Салон лимузина был обтянут кожей, сияли лаком детали из натурального дерева. Все дышало богатством. В баре поджидало ледяное шампанское и коньяк, мерцал экран телевизора, ждал указаний компьютер.
– О, да у вас тут лэптоп, – заметила Мария родной предмет интерьера.
– И не только. А выпить хотите?
– Нет, спасибо!
– А пирожных?
– Нет!! – рявкнула Маша. Наверное, слишком резко. Но ведь ей и слышать нельзя было про пирожные! – У вас и это имеется?
– У меня тут как в «боинге», снаряженном для десятичасового полета, есть практически все. За исключением джакузи. А вы как-то изменились, Мария…
Естественно, Маша изменилась. Когда на ужин – одна «Активия», а на завтрак и обед – размышления о неверности супруга, вес тает быстрее, чем пенсия инвалида.

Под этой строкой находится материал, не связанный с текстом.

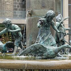 Darunter, in einem zweiten Wasserbecken, sind in locker kreisender Bewegung drei weitere Gänse einfangende Kinder angeordnet. (...)

– Похудела, – призналась программистка. – Переживаю.
– Из-за чего?
– У нас собака пропала. Оставили у магазина, а он, дурачок, сбежал…
Да, хит-парад Машиных проблем выглядел так:
1. Измена Здоровякина.
2. Дерматит Стасика.
3. Исчезновение Рекса.
4. Безработица.
…
…
26. Необходимость одергивать Люсьен (та постоянно совала свой длинный нос куда не надо, и Маша, делая ей замечания, чувствовала себя деспотом и занудой).

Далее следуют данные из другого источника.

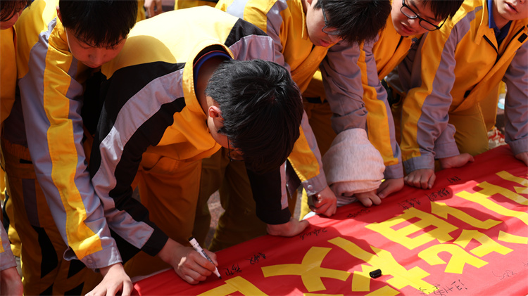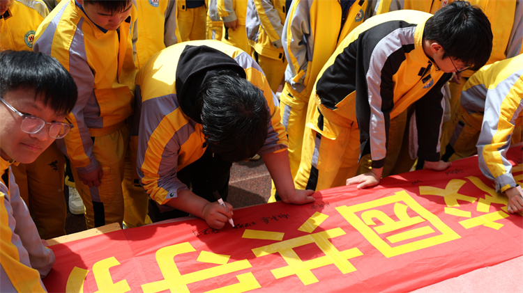 签字铭初心:一笔一画践承诺 随后,各班级班委代表依次上台,在“传承忠孝礼义信,争做文明中职生”主题横幅上郑重签名。每一个名字,都是一份责任;每一笔签名,都是一份担当。大家纷纷表示,将以此次签约为起点,带领全班同学积极参与活动,共建文明班级、文明校园。

Делиться с капиталистом Залесовым сердечной мукой по поводу неверности Здоровякина было как-то странно. А вот пожаловаться на исчезновение собаки – самое то. И реакция Петра Максимовича подтвердила, что тема выбрана правильно.
– О-о-о, – погрустнел Залесов. Лукавые огоньки в его глазах сменились пеленой печали. – И у меня пес пропал. Случилось это три года назад. И с тех пор я так никого и не взял. Словно друга потерял.

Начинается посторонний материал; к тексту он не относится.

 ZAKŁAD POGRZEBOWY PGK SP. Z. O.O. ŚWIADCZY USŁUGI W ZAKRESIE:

– Вот-вот, – кивнула Маша. – А в нашей ситуации – не только друга, но и ребенка. Рекс был почти щенком. Ну так, подросток.
– Вознаграждение обещали?
– Конечно!
Владелец супермаркетов и программистка синхронно вздохнули и обменялись понимающими взглядами. Одинаковое горе внезапно сблизило их.
– Я пять штук баксов посулил тому, кто найдет, – признался Петр Максимович. – Растяжку повесил поперек Дипломатического проспекта, рекламное время купил на прогнозе погоды. В итоге пришлось устраивать кастинг – смотрел по двадцать псов в день. Ясно вроде обозначил: стаффордшир, кобель. Но ко мне приводили все, отдаленно напоминающее собаку.
– Вы бы еще десять тысяч пообещали! Тогда вам показывали бы все, что способно передвигаться на четырех конечностях, – от божьей коровки до алкаша.
– Но Тобиаса я так и не нашел.
– Тобиаса?
– Угу, – кивнул господин Залесов. – Если честно, я хотел назвать моего стаффа Тобиком. А что? Игра контрастов: имя дворняги-душки и морда зверюги. Но жена разнылась – как это, собаку с родословной назвать плебейским именем. И Тобик превратился в Тобиаса. Подозреваю, это из какого-то сериала. Не иначе.
– И у нас! – подхватила Мария. – У нас – Рекс. Дети назвали. Как в сериале «Комиссар Рекс». Смотрели?
– Так он, значит, овчарка?
– Да.
Они замолчали, погрузившись в воспоминания.
– Ой! – вздрогнула Мария. – Я ведь не сказала вам адрес!
– Вы домой?
– Да.
– Ну, тогда нам даже не придется делать крюк. У меня дела в вашем районе.
– Вы знаете, где я живу?
– Ах, Мария, я ведь собирался нанять вас для ответственной и серьезной работы. Неужели я предварительно не разведал, что вы собой представляете, где живете, чем дышите?
– Оу, – изумилась Маша. – Какой вы предусмотрительный.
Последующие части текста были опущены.